Memorandum of Understanding regarding the Use and Disclosure of Information  with Respect to Periods of Incarceration for the Administration of the Old Age Security Act

Please refer to HRSDC's PIA Summary for their risks and recommendations for mitigation.

Overview

A joint Privacy Impact Assessment (PIA) has been conducted on the Memorandum of Understanding (MOU) regarding the Use and Disclosure of Information with Respect to Periods of Incarceration for the Administration of the Old Age Security Act. This assessment is limited to the collection, use, disclosure and retention of the information as it pertains to the agreement.

The MOU authorizes the disclosure by CSC to HRSDC of personal information regarding individuals who are aged 60 years and older who have been recently incarcerated.

Summary of Risks and Recommendations:

General

Risk

A potential unauthorized use or disclosure.

Recommendations for mitigation

CSC will ensure that HRSDC exercises due diligence with the information it receives on offenders in order to administer the changes to the OAS Act.
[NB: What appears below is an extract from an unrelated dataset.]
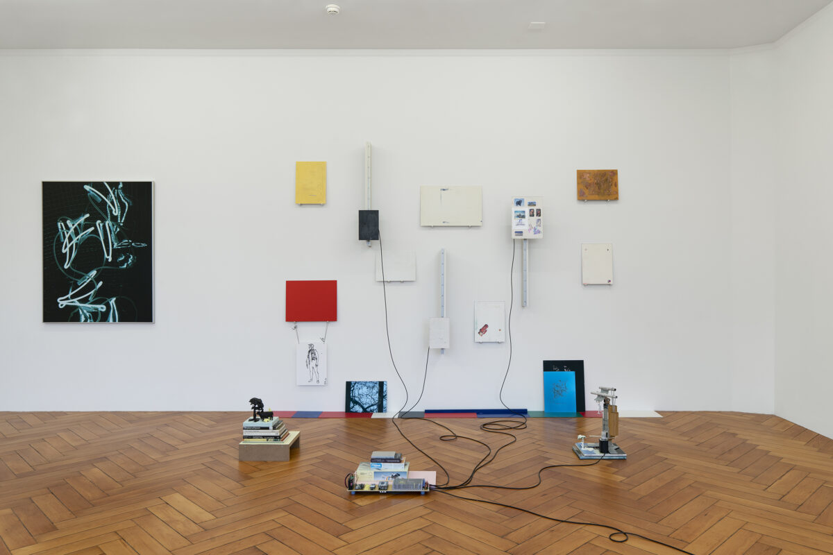 Der aus den Überresten eines alten Schranks gezimmerte Hochspannungsmasten steht mit abgespreizten Armen da, bereit für eine Leibesvisitation, oder als würde er die Zeichnungen die an ihm runterhängen, feilbieten. Entstanden sind die Blätter 2008 während BERNHARD HEGGLINS (*1989) Studium in Bern, beeinflusst durch die Räumlichkeiten des ehemaligen Standorts der HKB im Primarschulhaus Enge-Felsenau. Ten Years (2018) umfasst jene Zeitspanne einer Künstler*innenlaufbahn, die wie keine andere mit Erwartungen überladen ist. Die Skulptur kehrt diese Narration um, und wie in anderen seiner Arbeiten wird sie zum Witz ohne Pointe, die einen mit dem Gefühl des Unaufgelösten und der Beklemmung zurücklässt.

This "due diligence" may include conducting regular privacy or security audits or reviews of the program to protect the integrity and confidentiality of the information transmitted in electronic format to HRSDC.

Risk

An increase in Access to Information Act and Privacy Act requests from offenders who are seeking to know why their personal information is being disclosed to HRSDC. They may also want details on the MOU concerning the exchange of information.

Recommendations for mitigation

CSC will prepare communication materials so that employees of those affected areas can prepare for an increase in ATIP requests and grievances. Affected areas may wish to review their existing resources to identify ways to handle an influx of offender requests.

CSC has in place a mechanism that allows for the reporting and corrective action of any privacy breaches due to improper use and disclosure of personal information. This includes written Privacy Breach Guidelines and the reporting of breaches to members of CSC's Privacy Committee, chaired by the Assistant Commissioner, Policy Sector. The Guidelines stipulate that, where appropriate, a Privacy Risk Assessment is to be completed to determine the severity of the breach and to identify those cases where the Office of the Privacy Commissioner of Canada is notified.